Oleh Krysa (; born June 1, 1942) is a Ukrainian American violinist, Merited Artist of Ukraine.

Early life
Oleh Krysa was born in Uchanie, now Gmina Uchanie in the Lublin Voivodeship, Poland, into a family of Ukrainian aristocrats. In 1945, as a result of the so-called Operation Vistula, Oleh's family found itself in Lviv, where he grew up and spent his school years.

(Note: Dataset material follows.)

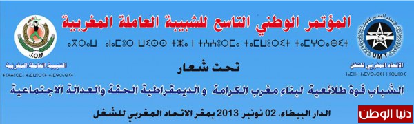 تعقد الشبيبة العاملة المغربية مؤتمرها الوطني التاسع يوم 2 نونبر 2013 تحت شعار: " الشباب قوة طلائعية لبناء مغرب الكرامة و الديمقراطية الحقة و العدالة الاجتماعية " بقاعة فلسطين بالمقر المركزي للاتحاد المغربي للشغل بالدار البيضاء ، بحضور أزيد من 850 مؤتمر و مؤتمرة. و ستعرف الجلسة الافتتاحية للمؤتمر حضور ضيوف من منظمات نقابية عربية، افريقية و دولية صديقة بالإضافة الى تنظيمات شبابية و أحزاب سياسية صديقة من داخل المغرب . و سيتم خلال هذا المؤتمر انتخاب الأجهزة و الهياكل التنظيمية للشبيبة العاملة.

Although none of the family had any professional music background, his mother, who was often heard singing, wanted young Oleh to play violin, although his father preferred that he learned to play piano. Thus, at the age of six, Oleh started learning to play the violin. His first teacher was Konstantin Mikhailov [who, himself, was a pupil of Sergey Korguyev (known in the West as Serge P. Korgueff, a pupil and assistant of Leopold Auer]. After graduating from the Lviv Specialized Music School in 1960, Oleh Krysa entered the Moscow Conservatory. From 1960 to 1967 he studied there under David Oistrakh, who said of him: "Oleh has brilliant natural gifts, unusual musicality, vivid artistry, and great charm."

Career

Performing
After graduating from the Moscow Conservatory, Oleh Krysa performed as a soloist at the Kiev Philharmonic, at the same time teaching at the Kiev Conservatory. Six years later, he again headed for Moscow, where he joined the renowned Beethoven Quartet as the first violinist. He played with the ensemble until it dissolved in 1987. Since the 1960s, Oleh Krysa has continued to perform as a soloist with leading orchestras and chamber ensembles throughout the world.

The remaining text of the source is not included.